Having multiple layers of customs promotes development in the law. As local governments experiment with new norms, some local customs (e.g., drug decriminalization) may spread nationally. In other cases, national norms can override pernicious local customs. For example, in the 1960s, the federal government, faced with local legal systems in the South that widely tolerated violence against African Americans, began prosecuting some racially motivated violence under federal civil rights laws. Duplicative federal-state criminalization, thus, provided a countermeasure against local customs that left African Americans vulnerable to violence by underenforcing the law.
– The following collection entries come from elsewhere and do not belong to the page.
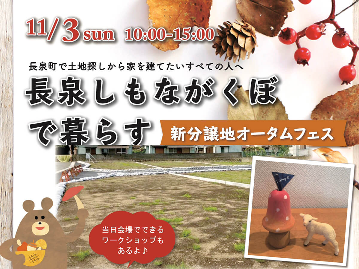 「長泉町で土地探し」と聞くと「物件が少ない」「価格が高い」と思い浮かべる方が多いのでは?そんな長泉町の分譲地で、オータムフェスを開催。長泉町で土地探しから家づくりをするためのコツをご案内します。当日は様々なイベントを企画。木のパーツを使った木工ワークショップ。秋らしく可愛いキノコが作れます^^その他にもお楽しみ企画が満載。詳しくはイベントページをチェック!専用イベントページ≫沼津支店 大石 倭与(おおいし やまと)
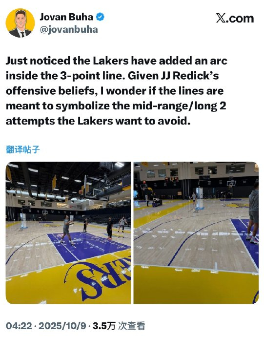 球馆里多出条弧线,不是什么小聪明或者花架子。雷迪克打法来了,这位老将一贯强调效率,坚决减少中距离长两分。在这个数据至上的时代,敢打中距离长两分简直输不起,湖人通过场馆设计变相“教育”球员,属于用心良苦。
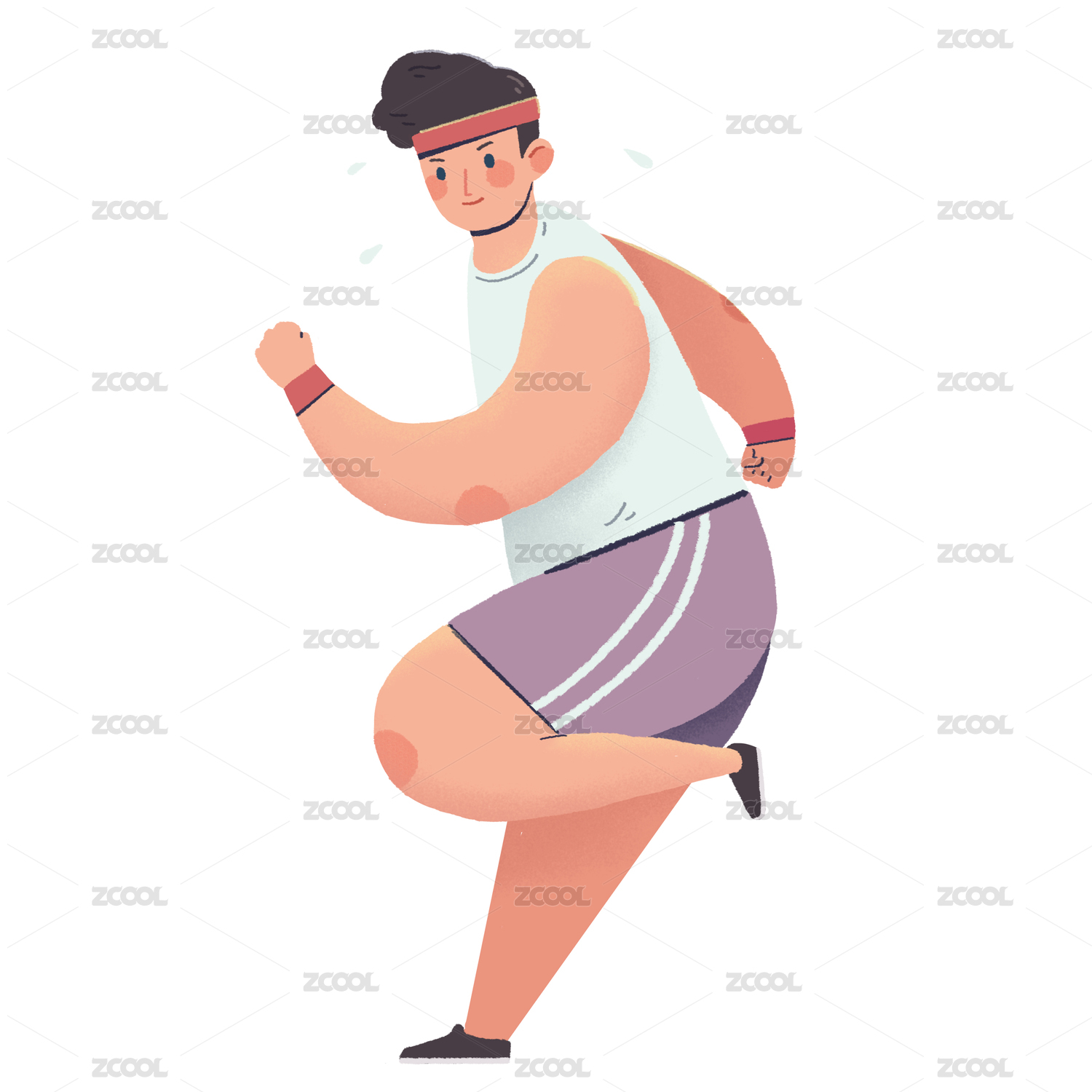 跑步中的男性胖子矢量插画
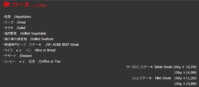 下面的图片是给大家的参考资料 我点的就是10765日元的神户牛肉套餐。
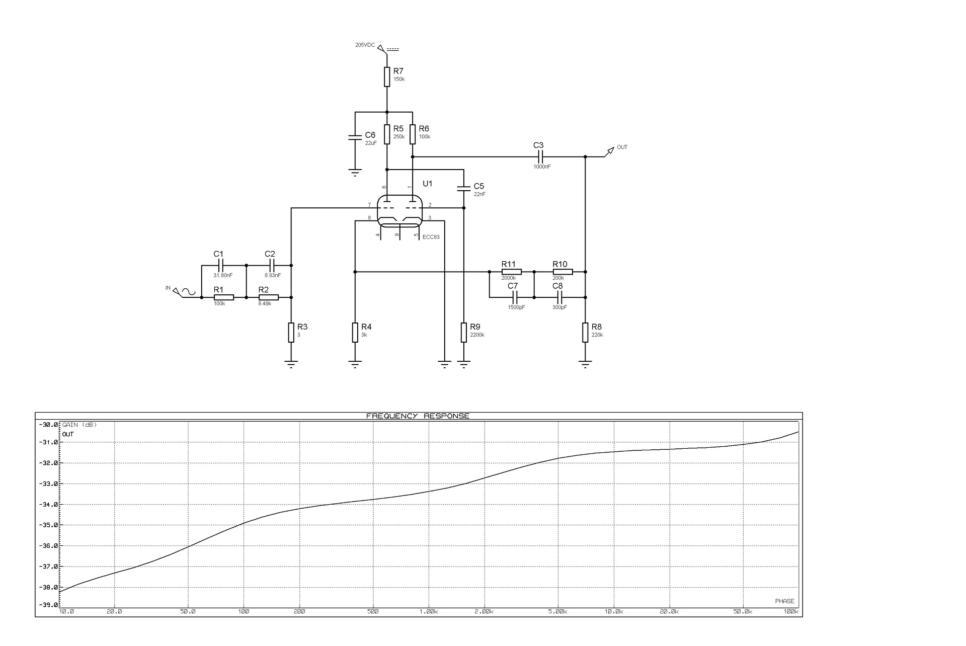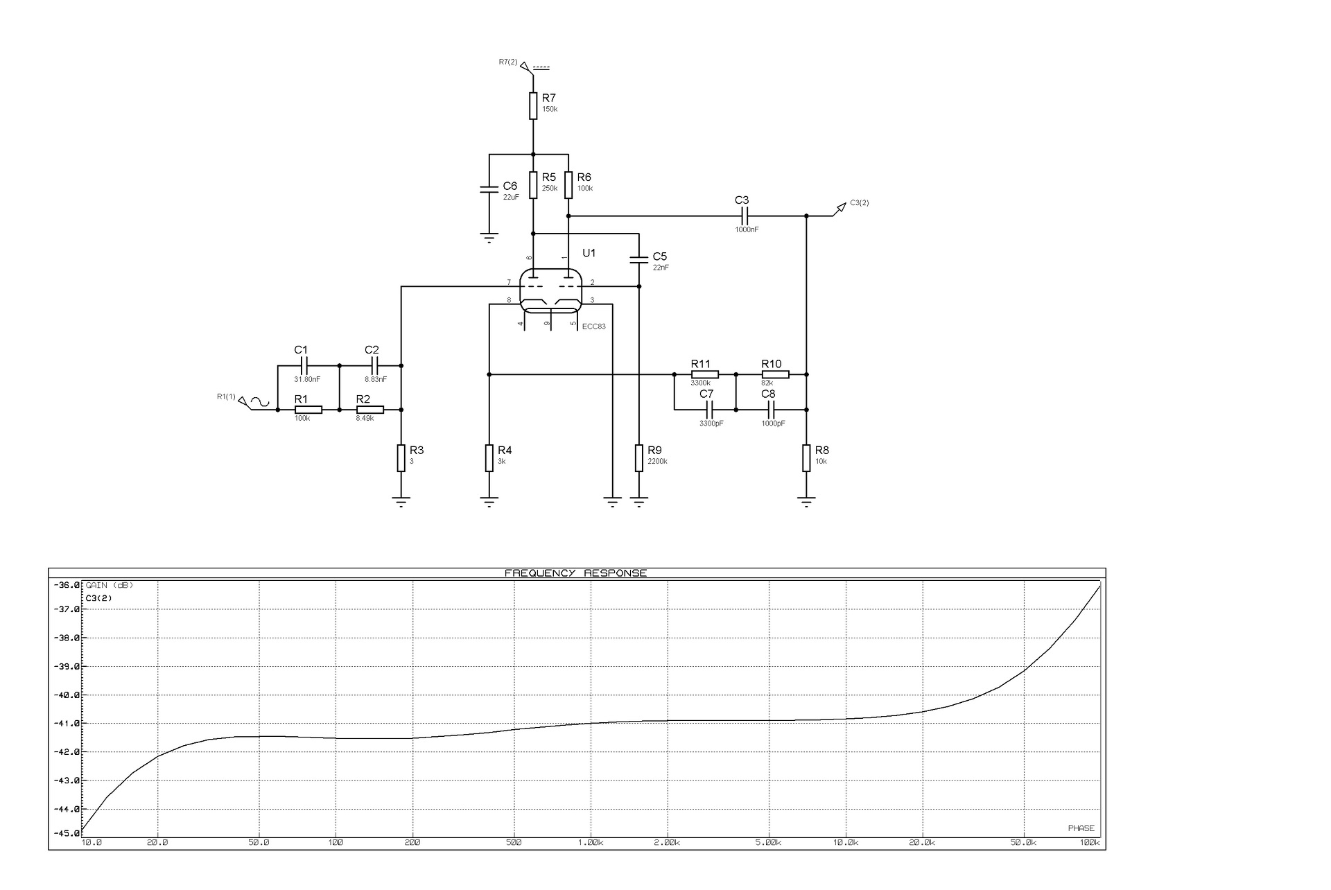 Tesztelem a csöves rádióerősítőmet, de a beépített korrektorával nem vagyok elégedett. Leszimuláltam, de az átvitele nem ideális. Nem tudom a szimuláció mennyire pontos, illetve min kellene módosítanom, hogy elfogadható legyen az átvitel. Valakinek van ötlete?
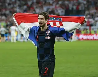 The team's image references the national colors of Croatia. Pictured: Šime Vrsaljko, 2018.
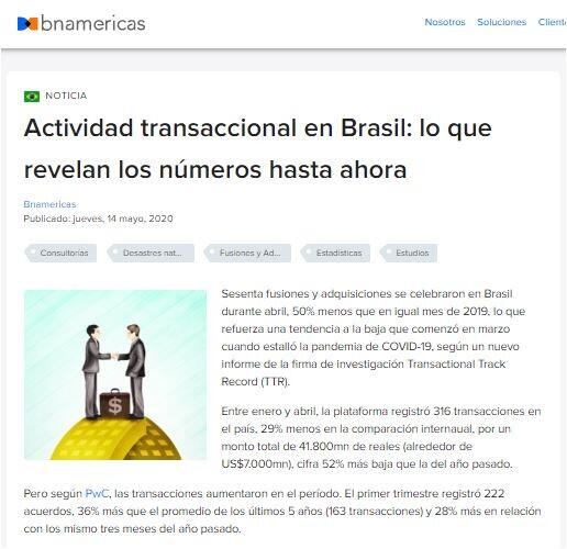 "El mercado transaccional de Brasil también está comenzando a estabilizarse, con volúmenes de negocios que disminuyeron drásticamente durante 2019, pero mucha actividad mantiene ocupados a los asesores mientras continúan aislándose en las oficinas centrales", escribió TTR en su informe sobre Brasil.

In summary, indirect sanctions discipline prosecutors and curb the effective scope of their discretion. To restate a point that I made in my last post, I do not think that current criminal law conventions solve all that ails our criminal justice system. Obviously, it does not. My final post tomorrow will tackle some of those issues. But the existence of considerable constraints on prosecutorial discretion does much to mitigate the potential harms of our imperfect statutory criminal law.